Bates' activities in these very different musical spaces began quite distinctly during the time he spent at both Columbia University and the Juilliard School in New York.
Studying music composition at Juilliard during the day, he was out exploring New York's underground lounges and clubs at night, where he says, "I found a highly informed audience listening to richly textured electronic music."
But as radically different as his two musical worlds may be, Bates says his classical and electronica activities have always been complementary. "One of the wonderful things about classical music is the composer's interaction with the wide variety of musicians who bring a work to life, often many months or years after [it] has been written. Electronica, on the other hand, gives immediate results to the composer working [alone] in the studio." He points out that such immediacy, and the limitless palette of sounds that the producer can create from scratch, can be very appealing to a composer.

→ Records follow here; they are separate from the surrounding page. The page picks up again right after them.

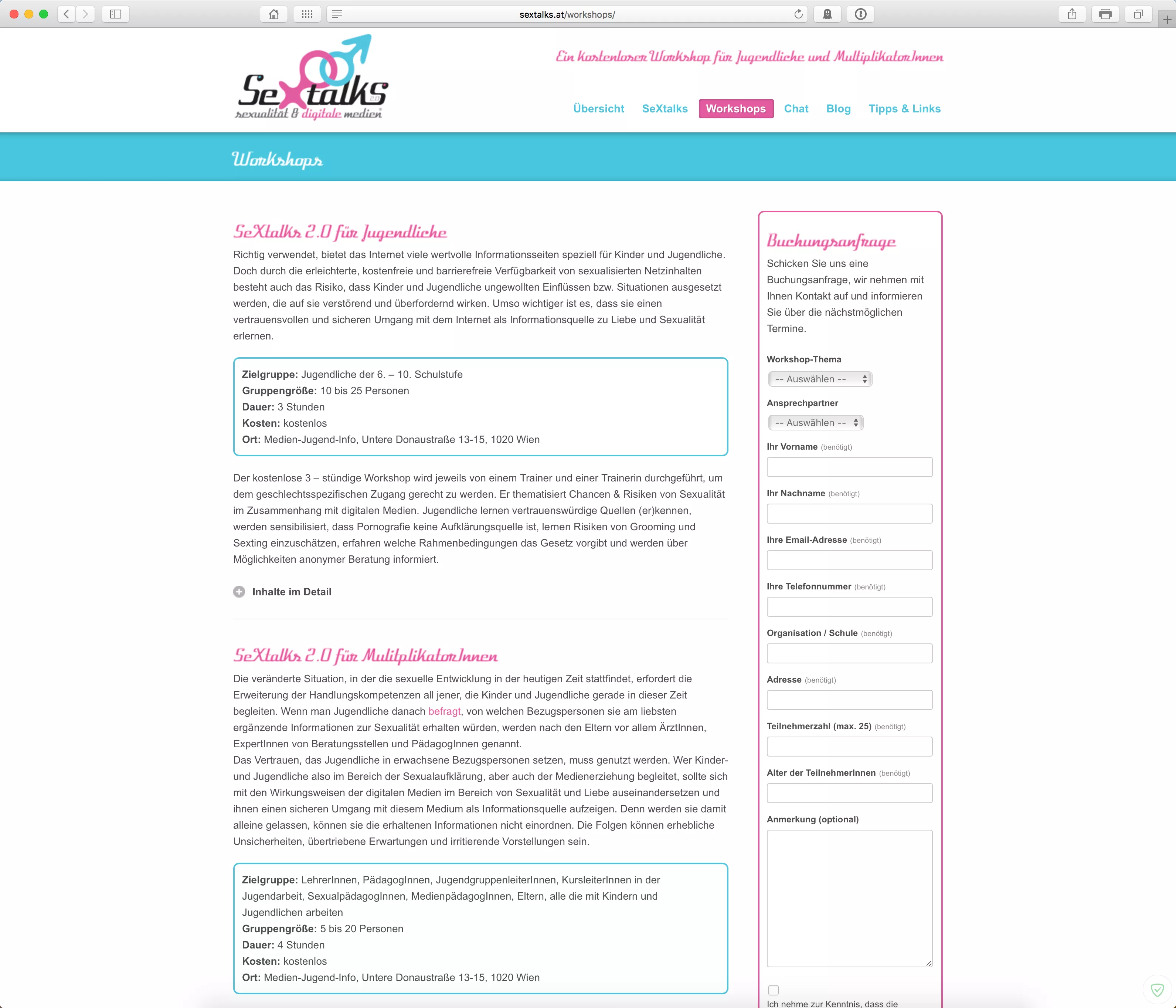 SeXtalks 2.0 ist ein Projekt, das Jugendlichen und MultiplikatorInnen zeigt, wie sie das Internet als Quelle von Informationen zu Liebe & Sexualität in sicherer Art und Weise nützen können. Das Internet ist DIE Quelle, wenn es um Sexualität geht, allerdings verwenden Jugendliche sie meist völlig unbegleitet. Bei SeXtalks lernen sie vertrauenswürdige Seiten sowie gesetzliche Rahmenbedingungen kennen und Risiken einzuschätzen. Gleichzeitig werden konkrete Lösungsmöglichkeiten gezeigt, orientiert an ihrer Lebensrealität mit praktischen Übungen.
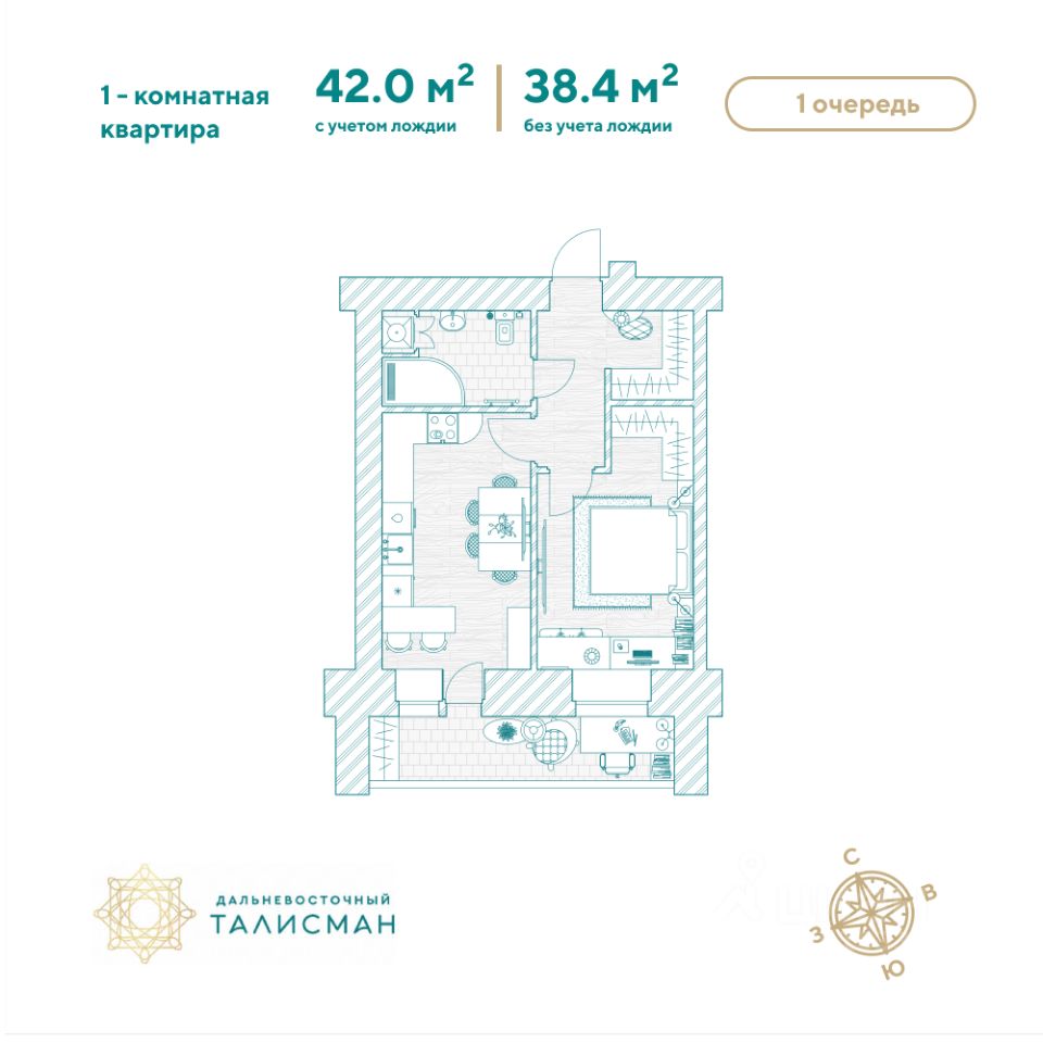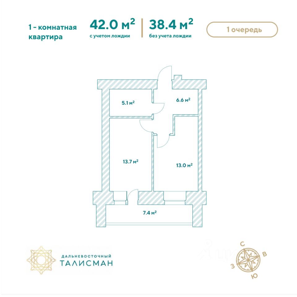 Продаётся 1-комнатная квартира в сданном доме (Партизанская, 64/2), срок сдачи: III-кв. 2025, общей площадью 42.1 кв.м., на 6 этаже. Жилой комплекс ''Дальневосточный Талисман'' расположен в 93 квартале Благовещенска.
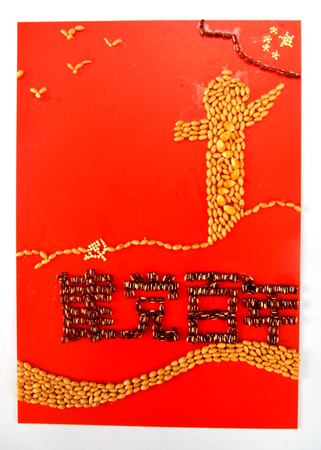 邓元凯等人用藜麦拼出了党徽和五角星,用小麦和玉米展现出华表、和平鸽和金色麦田,在制作“建党百年”四个大字时,他们特意选择了红豆去呈现;为圆“参军梦”,陈苗苗等人用小麦、黑豆和黑米拼出了抗战胜利后解放军威武雄壮的庄严神情。
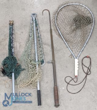 Folding Landing Nets, Scoop Net and a Brass Gaff, all unbranded - aluminium framed landing nets, an aluminium framed scoop net and a brass extendable gaff, square section, with a fine turned handle, but is missing its gaff safety hook clip from top
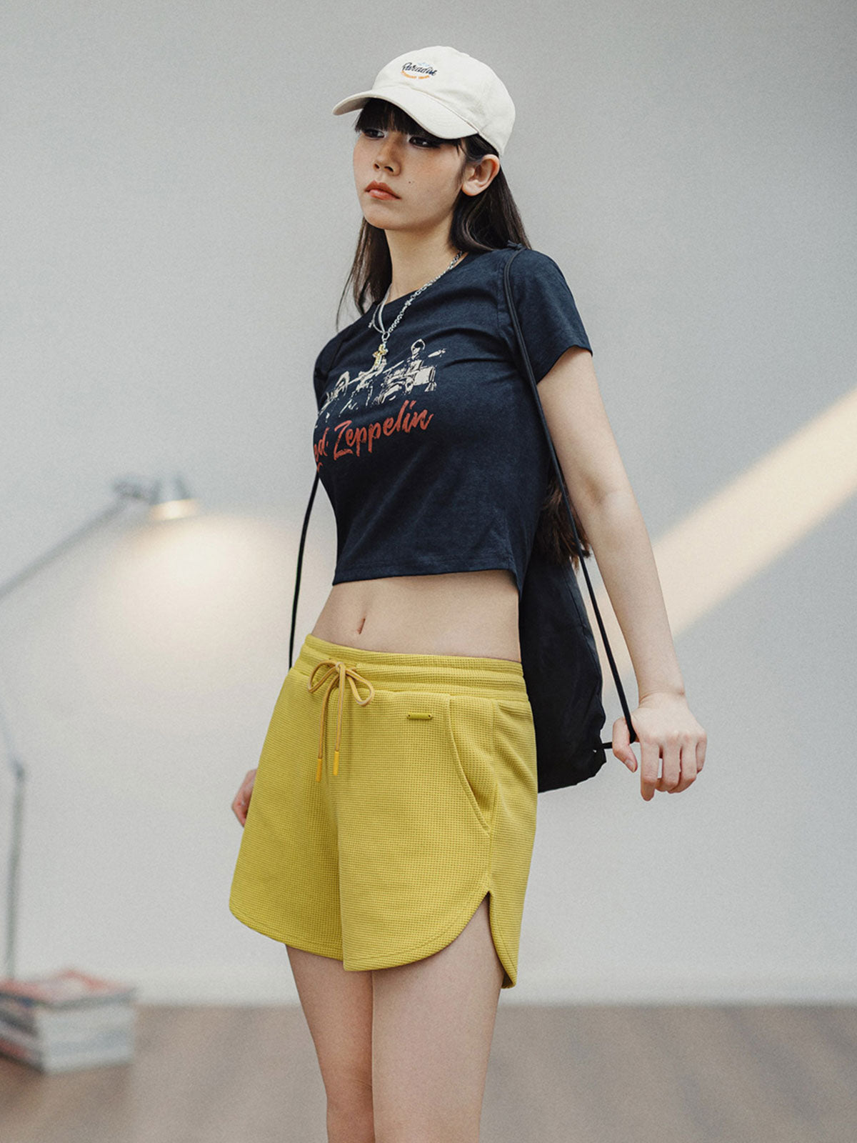 このワッフルショーツは、97.8%のポリエステルと2.2%のポリウレタンエラスタンで作られており、優れた通気性と弾力性を持ち、さまざまなスポーツシーンに適しています。ゆったりとしたワイドレッグデザインとハイウエストのドローコードで、快適な着用感と脚長効果を提供します。サイドのアーチ型スリットデザインにより、運動中の動きやすさが増し、ファッション性もアップします。ショーツのスリム効果が抜群で、ランニング、フィットネス、日常のカジュアルな着こなしに最適な選択です。
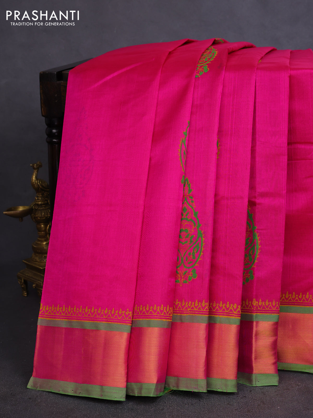 Silk cotton block printed saree pink and light green with butta prints and zari woven border

Even so, Bates says that a highly compositional approach informs all of his electronica work, whether creating trip-hop tracks or DJing at a lounge. "It can be a challenging task to turn a bunch of homemade sounds into a musically coherent track, or to plan an overall shape to a two-hour set."
His concerto-like Sounds for His Animation, commissioned and premiered by The New Juilliard Ensemble, is a product of Bates' passions. Designed for synthesizer and chamber orchestra, it will be performed this week by the Atlanta Symphony Orchestra, with the composer as synthesizer soloist.
The blending of synthesizer and orchestra was a monumental task. Bates suggests that the myriad of sounds the synthesizer can produce offers a challenge when writing for it as a solo instrument. "But that's what fascinated me: Featuring an instrument blessed with a wonderful identity crisis shatters the conventional relationship between orchestra and soloist. This is one reason I decided against using the word concerto anywhere near this piece, since the synth can act chameleon-like among the various textures of the orchestra."
The challenges of the work go beyond the compositional, they also apply to his role of soloist in the ASO concert. "Having to navigate through all the buttons, wheels and knobs can be a real squirrel on the head! At one point, my right hand is busy with a tricky passage while my left is messing with some dials. Perhaps in that way it is most comparable to a 21st-century organ concerto, though the synth involved is resolutely mid-'80s." says Bates, referring to the Yamaha V50 he carts around for performances.
Besides studying on two continents (he is also pursuing a Ph.D. at University of California at Berkeley) and DJing, Bates has a good handful of performances on this season's docket, not to mention important commissions, including one for The Juilliard School's 100th anniversary in 2005. He notes how his very different musical influences are, perhaps, merging even more. "While kept quite apart initially," he says, "more recently both worlds have started to influence each other in my music. Two new electro- acoustic commissions are suggesting interesting hybrids to me, so we'll see what happens."